Exercise prompt:
In the entries below, find the line with "Зеркало настенное в" and the line with "Op het gelijkvloers"; reproduce those two lines and all lines between them exactly, without pictures.

Entries provided:
- - - -

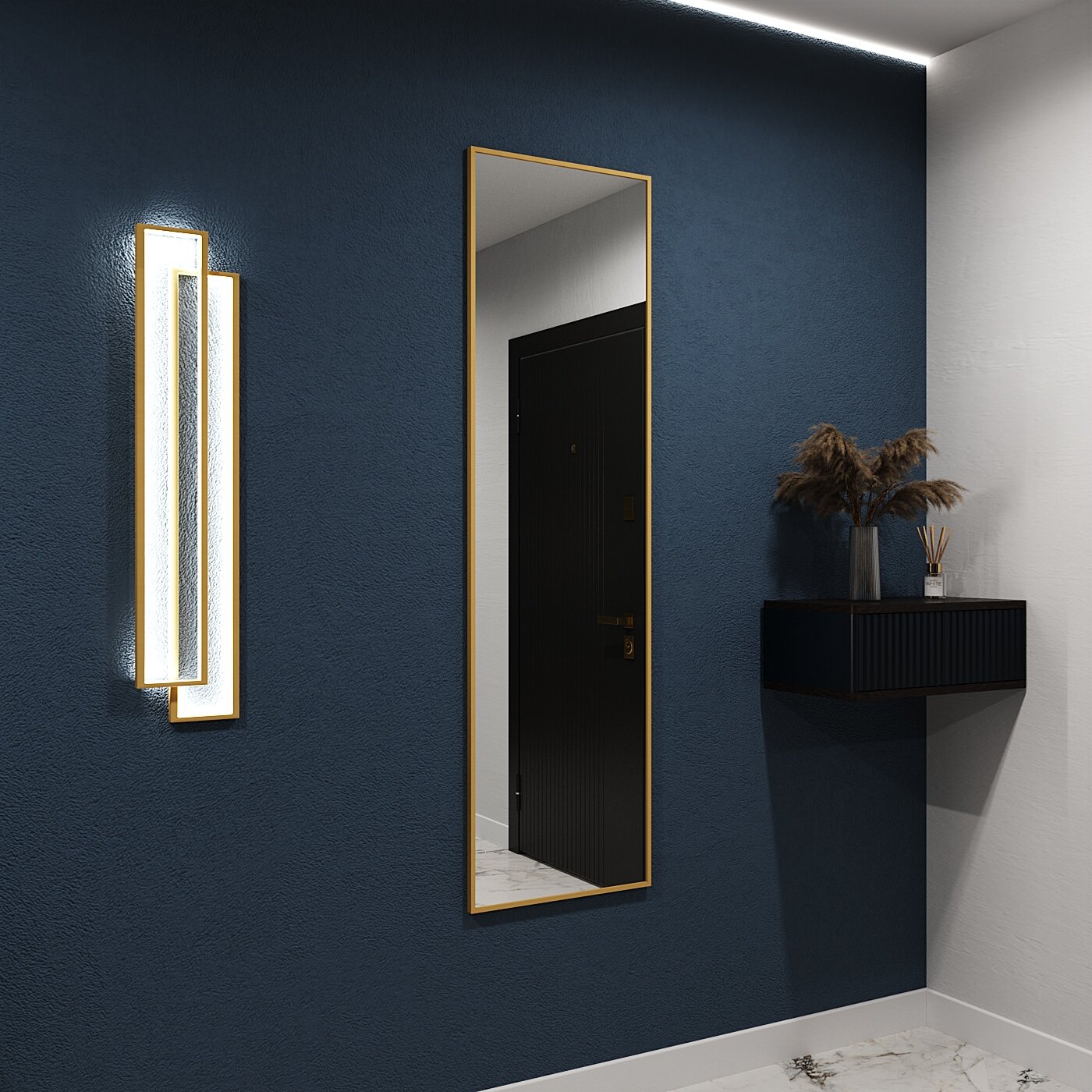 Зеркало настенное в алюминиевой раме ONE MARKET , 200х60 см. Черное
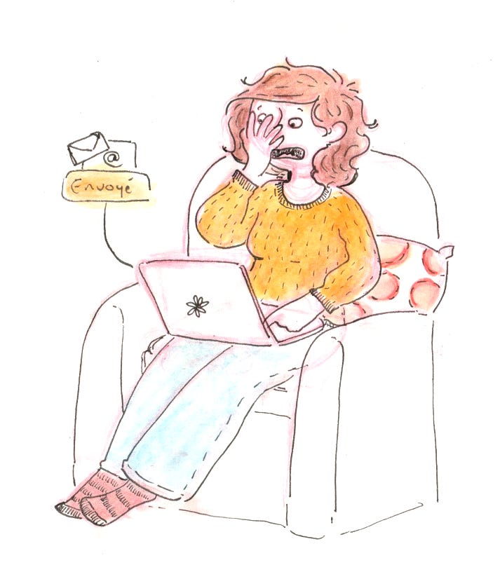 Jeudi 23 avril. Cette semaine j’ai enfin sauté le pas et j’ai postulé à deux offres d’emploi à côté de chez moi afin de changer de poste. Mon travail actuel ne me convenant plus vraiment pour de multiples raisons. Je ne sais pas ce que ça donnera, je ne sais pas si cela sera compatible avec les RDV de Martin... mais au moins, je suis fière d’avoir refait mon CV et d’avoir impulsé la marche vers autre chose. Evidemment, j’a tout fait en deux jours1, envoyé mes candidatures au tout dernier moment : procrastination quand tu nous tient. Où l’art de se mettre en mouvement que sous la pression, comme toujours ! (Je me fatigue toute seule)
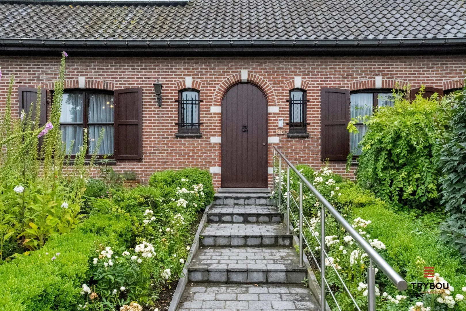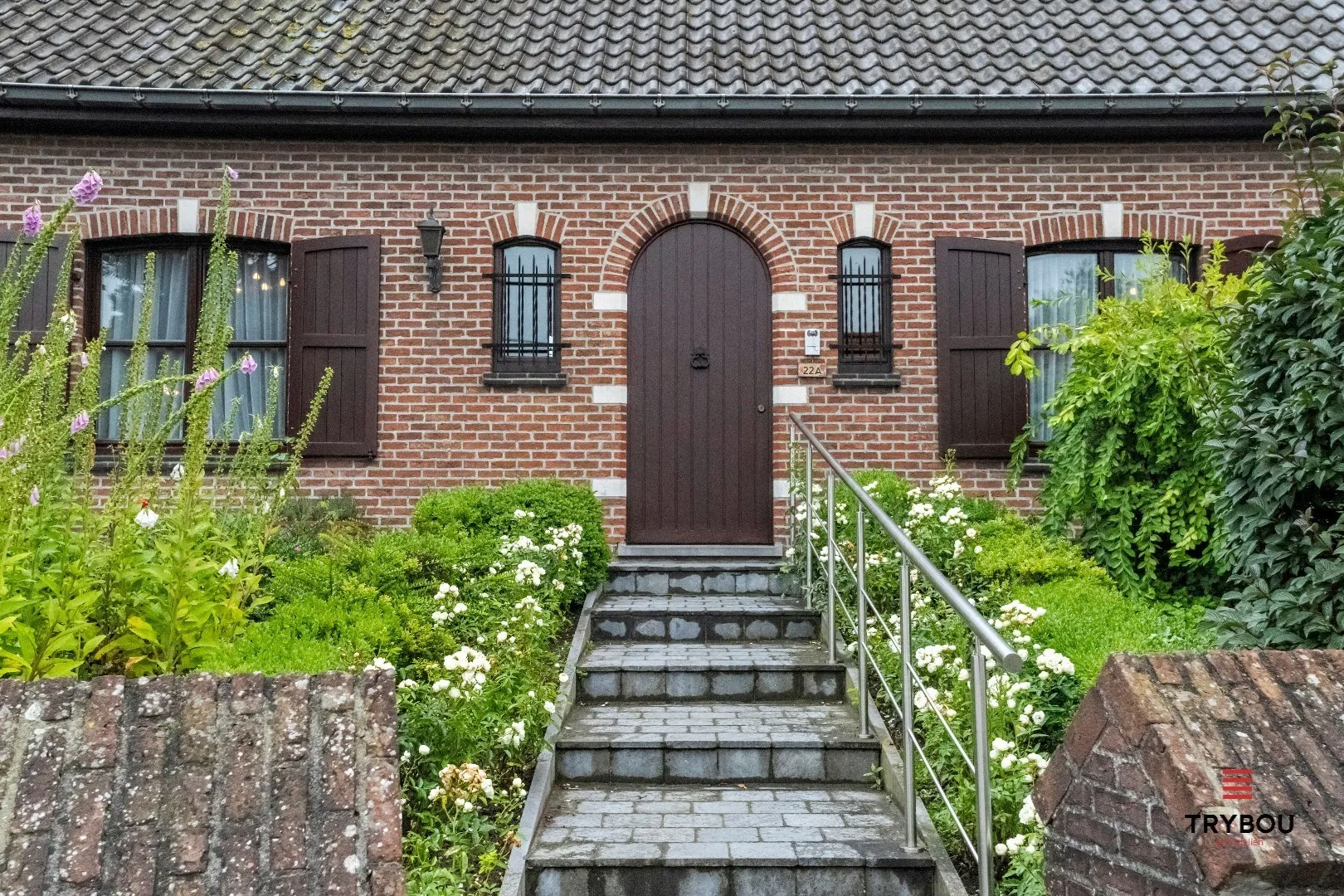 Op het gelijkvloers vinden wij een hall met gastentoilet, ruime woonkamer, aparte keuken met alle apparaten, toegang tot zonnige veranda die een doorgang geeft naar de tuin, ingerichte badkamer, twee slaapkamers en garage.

- - - -

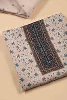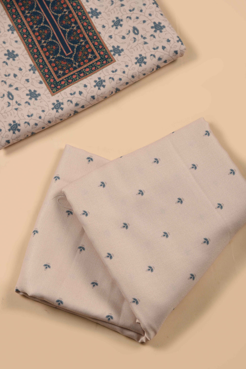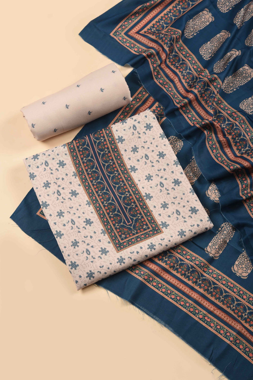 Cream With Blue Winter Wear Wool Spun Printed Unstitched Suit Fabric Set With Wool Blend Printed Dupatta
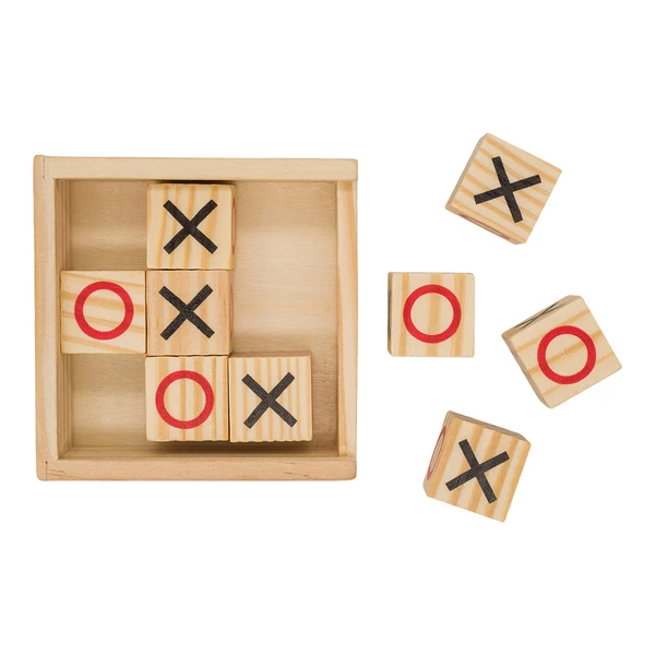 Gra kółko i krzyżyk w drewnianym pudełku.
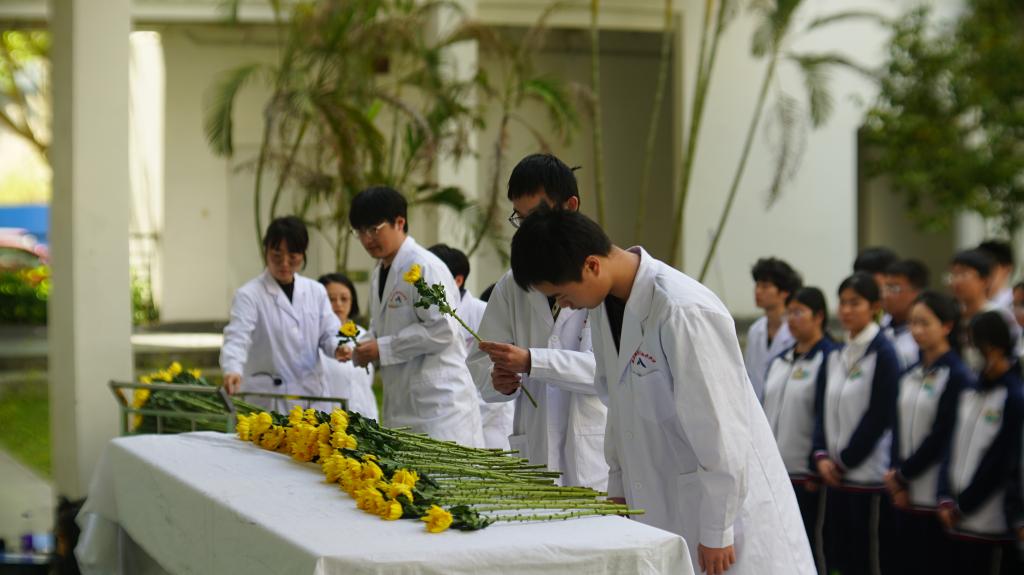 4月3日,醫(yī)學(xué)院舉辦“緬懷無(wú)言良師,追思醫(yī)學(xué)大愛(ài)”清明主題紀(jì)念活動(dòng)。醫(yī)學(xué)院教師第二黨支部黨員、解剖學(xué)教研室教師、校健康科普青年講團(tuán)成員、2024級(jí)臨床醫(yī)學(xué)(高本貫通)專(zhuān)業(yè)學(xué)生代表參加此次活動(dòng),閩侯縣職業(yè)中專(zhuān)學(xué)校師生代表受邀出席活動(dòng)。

- - - -

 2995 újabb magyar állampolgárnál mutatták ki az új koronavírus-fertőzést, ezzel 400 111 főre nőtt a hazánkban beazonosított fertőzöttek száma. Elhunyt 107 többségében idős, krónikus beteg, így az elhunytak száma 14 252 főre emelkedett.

- - - -

Solution for this task:
 Зеркало настенное в алюминиевой раме ONE MARKET , 200х60 см. Черное
 Jeudi 23 avril. Cette semaine j’ai enfin sauté le pas et j’ai postulé à deux offres d’emploi à côté de chez moi afin de changer de poste. Mon travail actuel ne me convenant plus vraiment pour de multiples raisons. Je ne sais pas ce que ça donnera, je ne sais pas si cela sera compatible avec les RDV de Martin... mais au moins, je suis fière d’avoir refait mon CV et d’avoir impulsé la marche vers autre chose. Evidemment, j’a tout fait en deux jours1, envoyé mes candidatures au tout dernier moment : procrastination quand tu nous tient. Où l’art de se mettre en mouvement que sous la pression, comme toujours ! (Je me fatigue toute seule)
 Op het gelijkvloers vinden wij een hall met gastentoilet, ruime woonkamer, aparte keuken met alle apparaten, toegang tot zonnige veranda die een doorgang geeft naar de tuin, ingerichte badkamer, twee slaapkamers en garage.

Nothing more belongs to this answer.